- Abbreviation: LKPT
- Leader: Shri Chandrashekhar Rajpurohit
- Founded: 2006
- Ideology: Honest Politics

= Lok Paritran =

Paritrana, meaning "to bring relief from the cause of distress" in Sanskrit, is the former name of an Indian political party later renamed to Lok Paritran. The party was formed in February 2006 by a group of six graduates from IIT Bombay and IIT Kanpur. It plans to contest in the next assembly elections and then stand for parliament.
The founders of the political party are graduates of Indian Institutes of Technology (who chose to give up careers in their fields of study and follow their inner voice which told them that 'they should invest their efforts in the country rather than making their pockets heavier'.
The entire core team including all the party members is Chandrashekhar (president), B.Tech, computer science (IIT Kanpur).

This party contested in 2006 Tamil Nadu elections in 7 constituencies headed by Tamil Nadu State President Mr.
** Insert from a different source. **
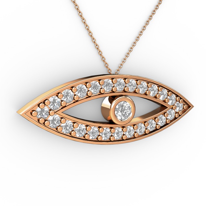 Beyaz zirkon ve pırlanta 18 ayar rose altın kolye (0.264 karat, 40 cm rose altın rolo zincir)

Elanthirumaran Periasamy, and secured 37325 votes which is ahead of total votes secured by DMDK and BJP in the 7 constituencies.

It is worth to mention that Mr Elanthirumaran Periasamy contested from Chepauk constituency where the ex CM and DMK President Dr. M. Karunanidhi contested. He secured 669 votes.

Ishrayel Maheshwar who contested against Mr. MK Stalin from Thousand Lights constituency got 2459 votes.

Mr Rajamany Kesavan got 11665 votes and secured third position from Anna Nagar constituency. Mr Santhanagopalan Vasudevan got 9436 votes and also secured third position from Mylapore constituency.

It was reported that the party was split. One faction formed another party called Bharat Punarnirman Dal.